# Lemmiwinks (Tuning your own way!)



## tony_rigby_uk (Nov 27, 2008)

Ok so doing some research and found that Revo developed a tuning tool for these cars... now this is a much more advanced version of the software available today:- http://www.********.co.uk/forum/viewtopic.php?f=2&t=187045&hilit=+how+to+revo

Now i'm not sure on the in's and outs but this was a freebie, before a more complicated edition which got shelved. Many on other forums hailed it as brilliance and would allow for custom tuning to any turbo or any modifiaction for these cars to get more beans !!!!

so as not to be selfish, here it is:-

SOFTWARE:- http://www.ecodetuning.com/revo/Lemmiwinks.exe
FULL DISCUSSION:- http://forums.vwvortex.com/showthread.php?1189192-REVO-left-themall-in-the-dust...

I'm gonna do some serious background into this, and weather or not it will be advantageous as the one downside with the current revo is the fueling not being available on these motors...

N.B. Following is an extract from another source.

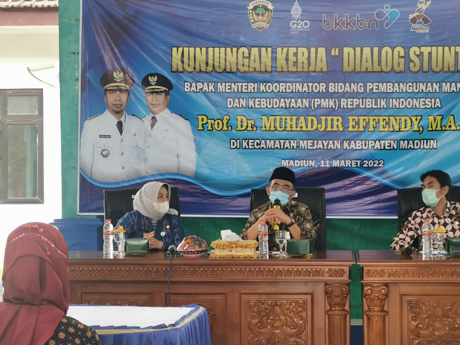 Brilian°Madiun – Kunjungan Kerja Menko PMK, Mujahir Efendy ke Kecamatan Mejayan, Kabupaten Madiun melakukan dialog bersama Bupati Madiun Ahmad Dawami dan Tim Pendamping Stunting wilayah Kabupaten Madiun yang didampingi oleh Kepala Perwakilan BKKBN Provinsi Jawa Timur, Maria Ernawati Jumat, (11/3/2022).

(it has been theorised that if you aquire the current ECU settings from a mapped car, you can input them into a unmapped car and it's now mapped) obviously there's gotta be some breach of copyright there somewhere but CHRIST this looks like a whole new (even if it is 7 years old, not exactly current affairs us TT owners!!) way of tunning and tweaking the cars...it can be used to tweak the limiter, or to the full extent of setting up the car for a BT, just lots of logging and understanding and then little tweaks and the car would be set up.....

We shall See...

NOTE: Looks like the main thing is fuel.... no upper boost control, (however some have suggested the Uprated N75, could be cured without the need for a diode by lowering the boost here, you can lower but not raise) Timming can be changed.... and limiters set... ect... boost control is what has upset most, but fuel levels could ensure you don't run lean, and timming can be tappered back if correction factors are a issue... WORTH IT FOR THE FUELING THOUGH... the SPS doesn't allow fueling to be adjusted so this is a god send to anyone hitting lean conditions.


----------



## Wak (May 6, 2002)

tony_rigby_uk said:


> Ok so doing some research and found that Revo developed a tuning tool for these cars... now this is a much more advanced version of the software available today:- http://www.********.co.uk/forum/viewtopic.php?f=2&t=187045&hilit=+how+to+revo
> 
> Now i'm not sure on the in's and outs but this was a freebie, before a more complicated edition which got shelved. Many on other forums hailed it as brilliance and would allow for custom tuning to any turbo or any modifiaction for these cars to get more beans !!!!
> 
> ...


Please do some research before posting and putting wild ideas into people heads! :lol:


----------



## tony_rigby_uk (Nov 27, 2008)

Wak said:


> Please do some research before posting and putting wild ideas into people heads! :lol:


LOL, why does it not work? seems to be alot of info on the vortex that it does.... or are you refering to the engine popping if not used properly? thats the same with any tunning software though... if things are pushed too far it will all end in tears.. I know a certain TT which ran stand alone engine management that bluid a rebuilt engine within seconds of it being pushed a little too far on the rolling road... stock ecu is safer as it does have it's own torrelences to counteract certain mistakes...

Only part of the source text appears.